Loss functions reaching global minima
In Deep Learning can we have train accuracy far less than 100% at the global minimum of the loss function?
I have coded a neural network in python to classify cats and non-cats. I chose a 2-layer network. It gave a train accuracy of 100% and a test accuracy of 70%.
When I increased the #layers to 4 the loss function is getting stuck at 0.6440 leading to train accuracy of 65% and a test accuracy of 34% for many random initializations.
We are expecting that our train accuracy on the 4-layer model should be 100%. But we are getting stuck at 65%. We are thinking that the loss function is reaching a global minimum since on many random initialization we are stagnating at a loss value of 0.6440. So, even though the loss function is reaching the global minimum, why is the train accuracy not reaching 100%? Hence our question,"In Deep Learning can we have train accuracy non-zero at the global minimum of the loss function?"
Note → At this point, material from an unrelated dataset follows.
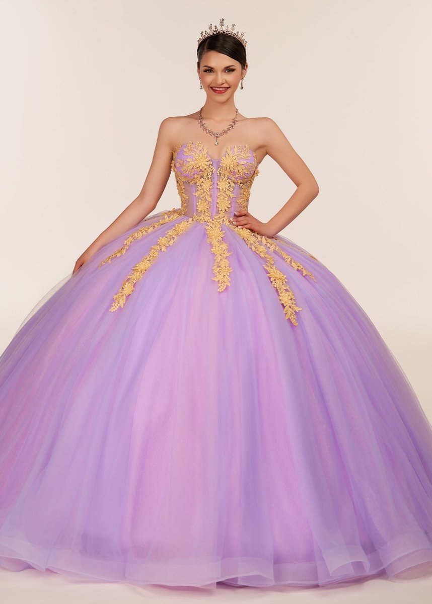 Celebrate your special day with the timeless elegance of the Lilac Sweetheart Sleeveless Quinceanera Dress. This dress is crafted from soft tulle fabric. The sweetheart neckline enhances the feminine silhouette, while the sleeveless design adds a touch of modernity. The intricate applique embellishments add a delicate, romantic flair, making this dress a true standout. The chapel-length train ensures a majestic entrance, while the lace-up back offers a customizable fit for comfort and confidence. In a soft lilac color, this dress is a stunning choice for any young woman ready to shine on her special day.

Sure this only depends on the capacity of the network. If you have only linear activations than the network is linear and the training accuracy is only 100% if the data is linear separable. For non-linear activation functions the capacity is not as clear. We do know in theory that a NN with a hidden layer is a universal function approximator given enough neurons (https://towardsdatascience.com/can-neural-networks-really-learn-any-function-65e106617fc6). So in theory it should be able to approximate any function arbitrarily well and therefore reach 100% train accuracy.
For your problem the main culprit is probably that you are stuck in some kind of local minima, which is just bad. Increasing the capacity should in theory never lead to a higher loss at the global optima. A lower loss does not necessarily mean that the accuracy is higher though.